## EXERCISE AIM
Please retype the entries below exactly, only from their first line through the line containing "European Robin", leaving every picture out.

──────── EXERCISE DATA ────────

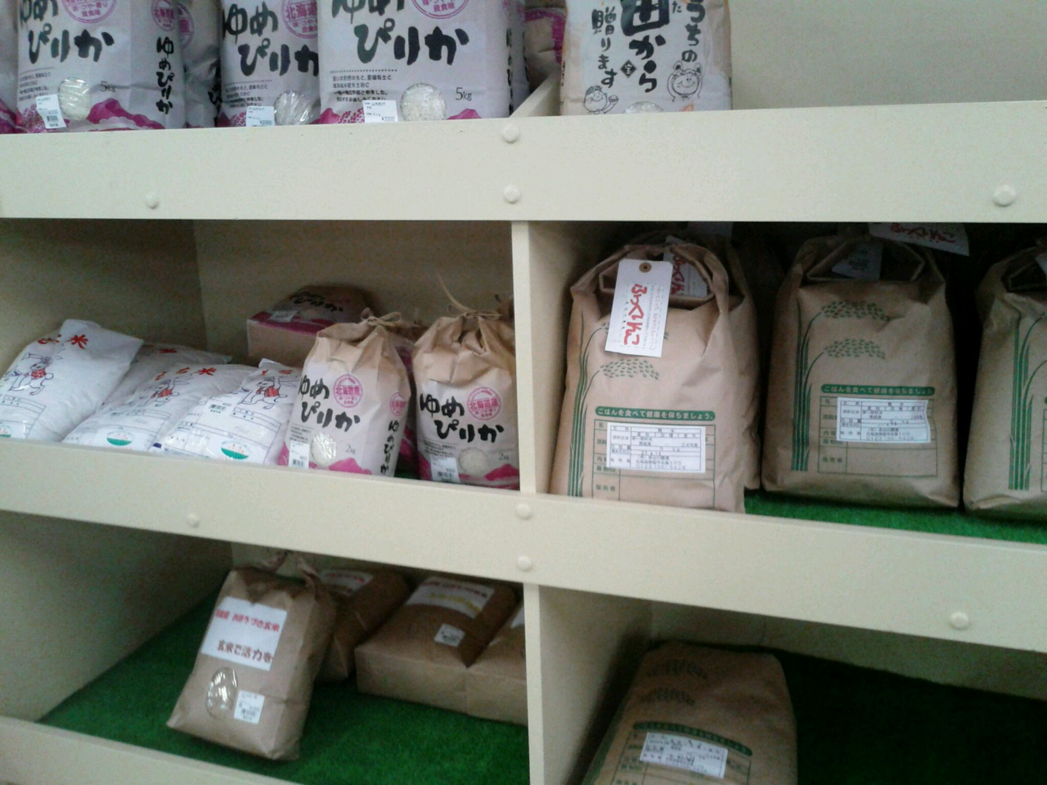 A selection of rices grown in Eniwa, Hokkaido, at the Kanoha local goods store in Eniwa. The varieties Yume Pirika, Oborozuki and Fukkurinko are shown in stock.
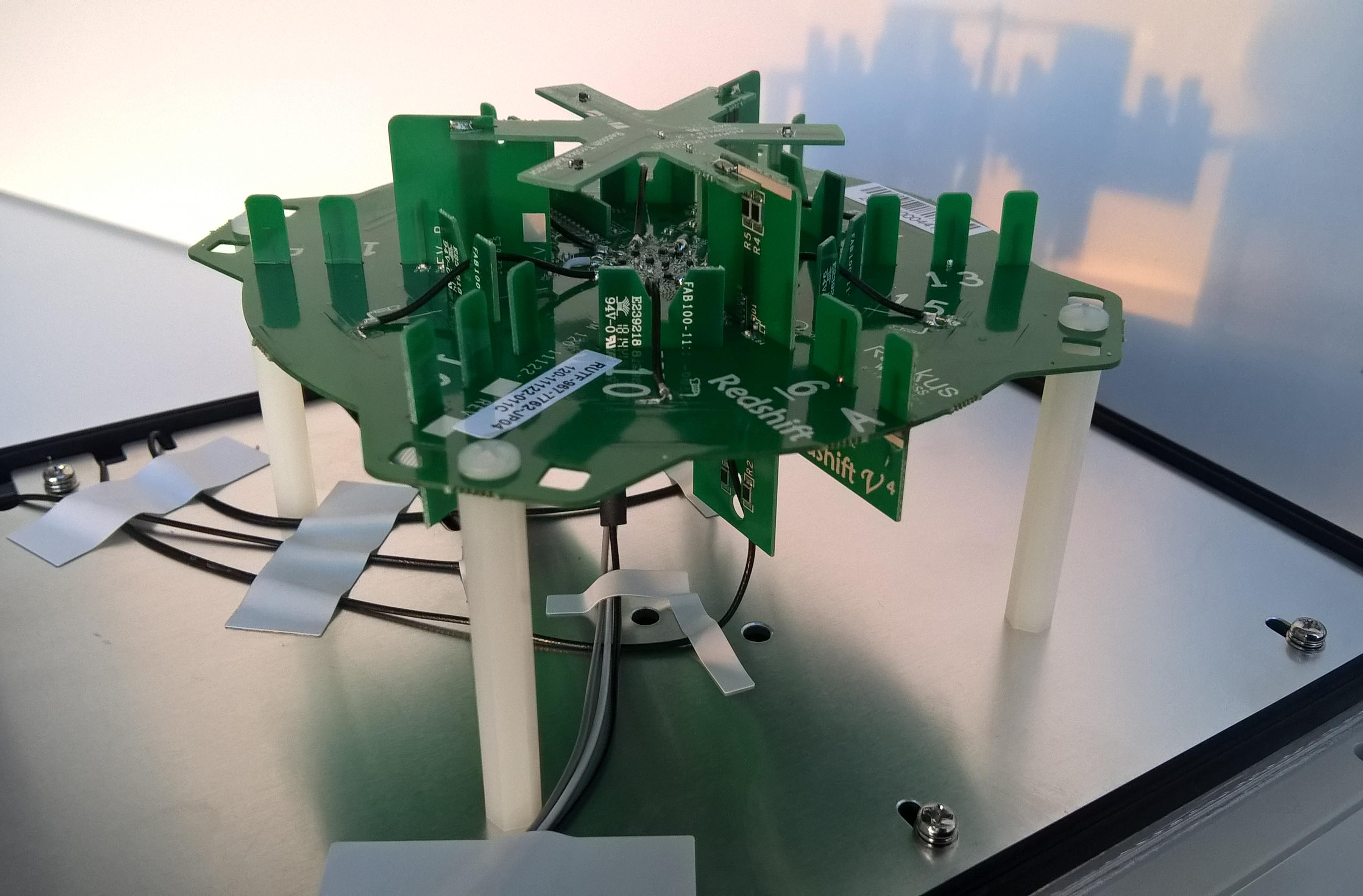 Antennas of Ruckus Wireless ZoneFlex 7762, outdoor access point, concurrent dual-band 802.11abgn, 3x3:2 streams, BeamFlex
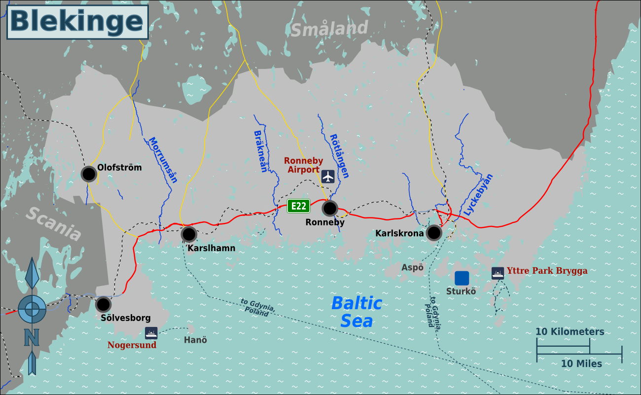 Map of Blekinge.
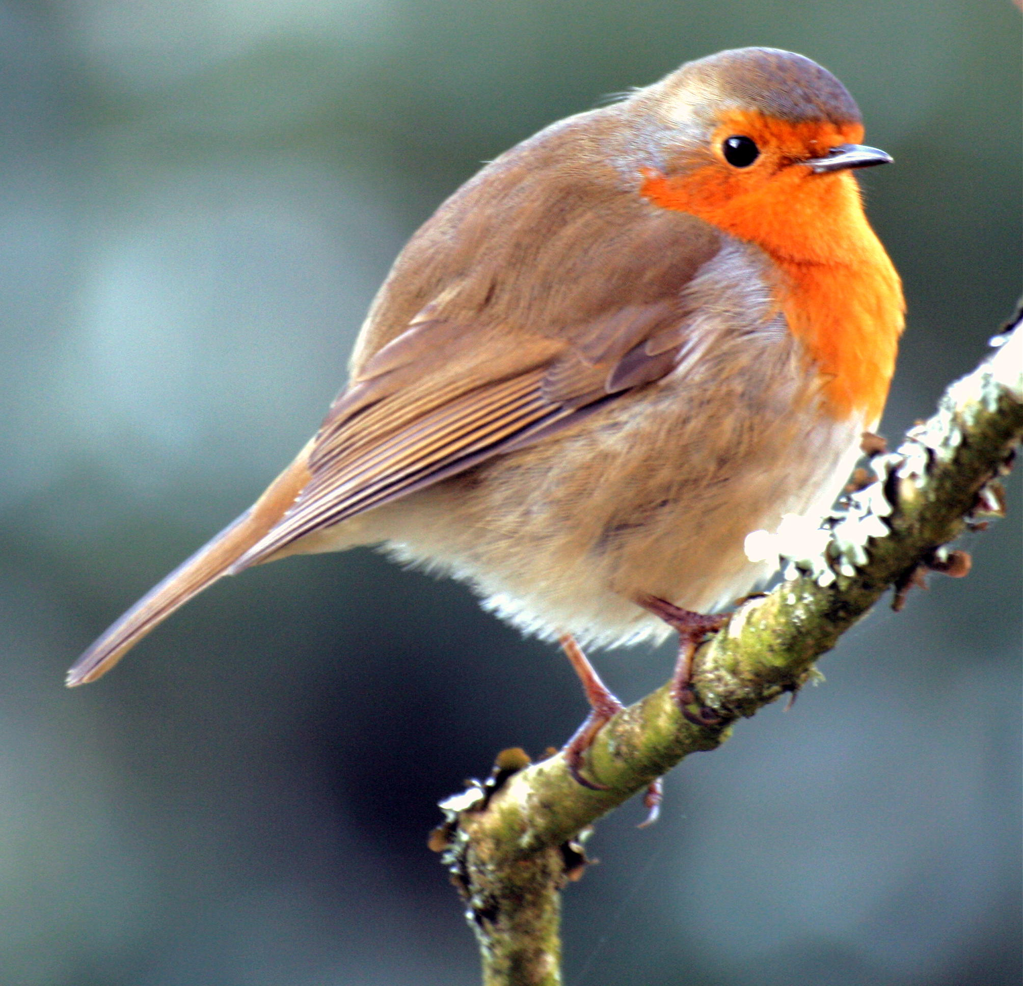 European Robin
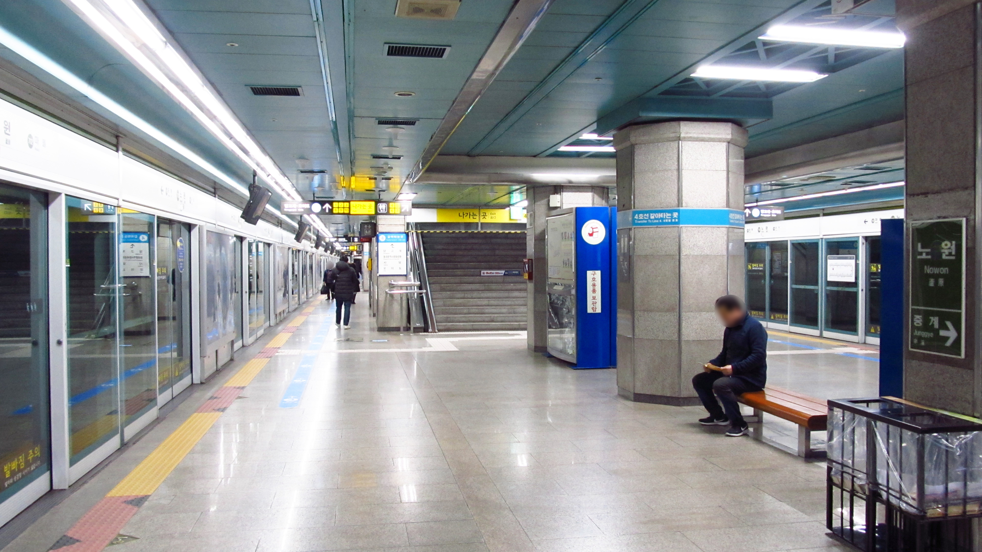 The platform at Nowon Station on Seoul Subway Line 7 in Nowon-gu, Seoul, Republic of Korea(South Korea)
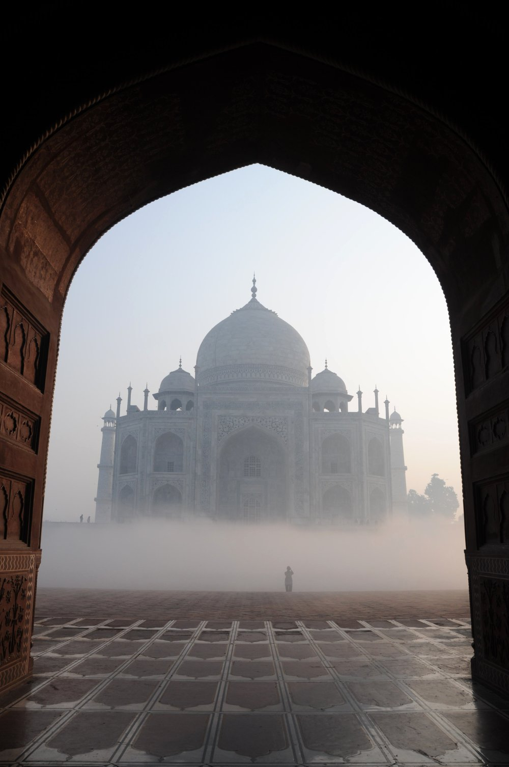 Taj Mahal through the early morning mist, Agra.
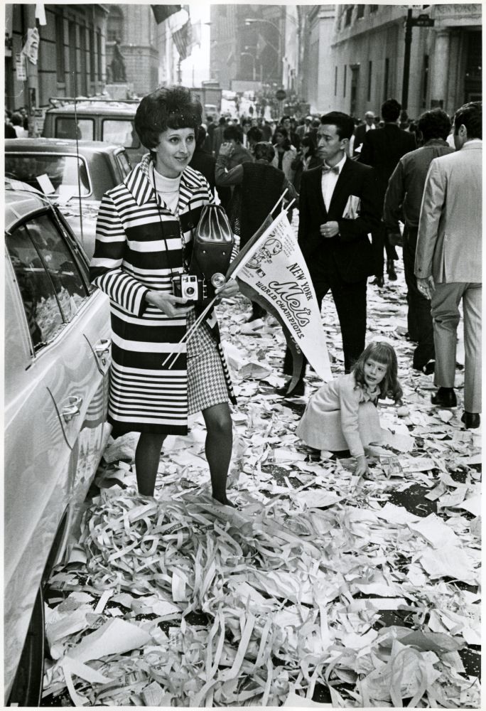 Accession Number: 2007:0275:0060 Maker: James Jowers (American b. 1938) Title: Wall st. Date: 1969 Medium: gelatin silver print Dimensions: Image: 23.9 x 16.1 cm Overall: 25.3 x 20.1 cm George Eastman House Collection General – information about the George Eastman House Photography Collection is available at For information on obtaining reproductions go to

────────

## ANSWER SPACE
 A selection of rices grown in Eniwa, Hokkaido, at the Kanoha local goods store in Eniwa. The varieties Yume Pirika, Oborozuki and Fukkurinko are shown in stock.
 Antennas of Ruckus Wireless ZoneFlex 7762, outdoor access point, concurrent dual-band 802.11abgn, 3x3:2 streams, BeamFlex
 Map of Blekinge.
 European Robin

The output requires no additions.